WHAT YOU HAVE TO DO => Produce an exact transcription of the listing below, omitting the pictures.

DATASET SECTION =>
# # #
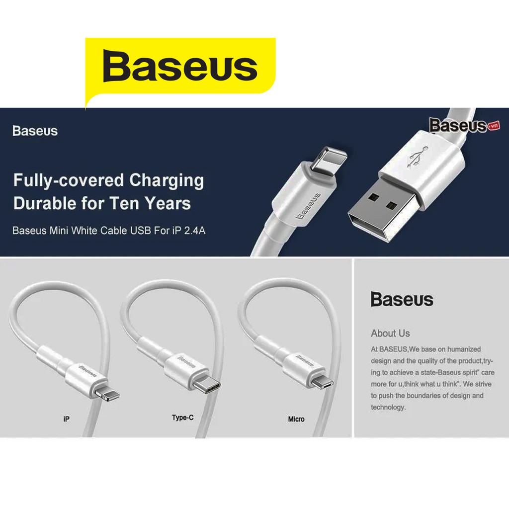 Điện Thoại & Phụ Kiện > Phụ kiện > Cáp, sạc & bộ chuyển đổi > Cáp & Bộ chuyển đổi di động || Cáp Baseus sạc nhanh và truyền dữ liệu Mini White lightning/micro/type-c (2.4A/3A )Còn hàng
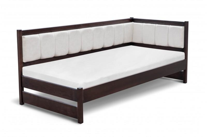 Ліжко односпальне дерев'янне з м'яким узголів'ям Мікс Меблі Лили темний горіх 90 см
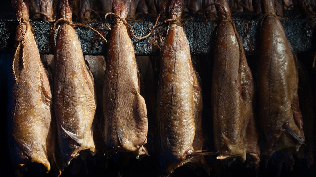 The fish are covered in salt, then pairs of them are tied together by the tail and hung up for about 24 hours. To smoke them, these pairs of fish are draped over metal rods that have been laid across the open top of a whisky barrel that’s had its top section cut off, with a fire burning inside.
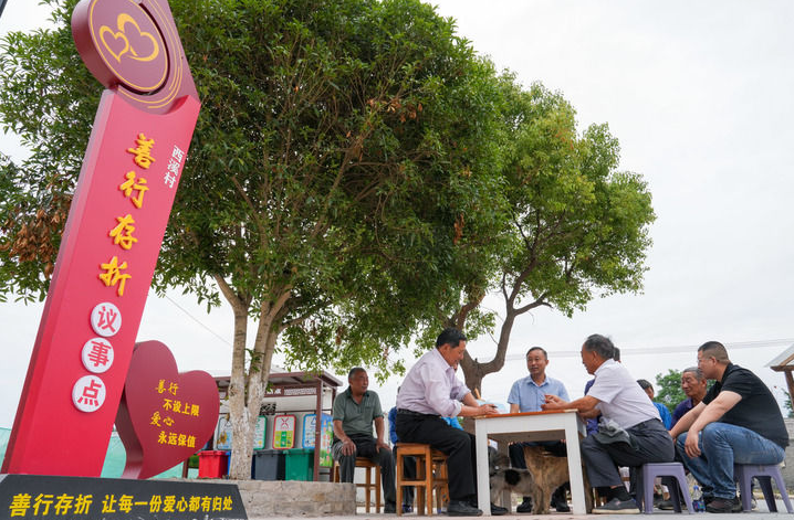 2025年6月12日,在江苏省宝应县广洋湖镇西溪村,当地党群服务中心的工作人员组织村民进行议事会。新华社记者 李博 摄
# # #
ANSWER BOX =>
 Điện Thoại & Phụ Kiện > Phụ kiện > Cáp, sạc & bộ chuyển đổi > Cáp & Bộ chuyển đổi di động || Cáp Baseus sạc nhanh và truyền dữ liệu Mini White lightning/micro/type-c (2.4A/3A )Còn hàng
 Ліжко односпальне дерев'янне з м'яким узголів'ям Мікс Меблі Лили темний горіх 90 см
 The fish are covered in salt, then pairs of them are tied together by the tail and hung up for about 24 hours. To smoke them, these pairs of fish are draped over metal rods that have been laid across the open top of a whisky barrel that’s had its top section cut off, with a fire burning inside.
 2025年6月12日,在江苏省宝应县广洋湖镇西溪村,当地党群服务中心的工作人员组织村民进行议事会。新华社记者 李博 摄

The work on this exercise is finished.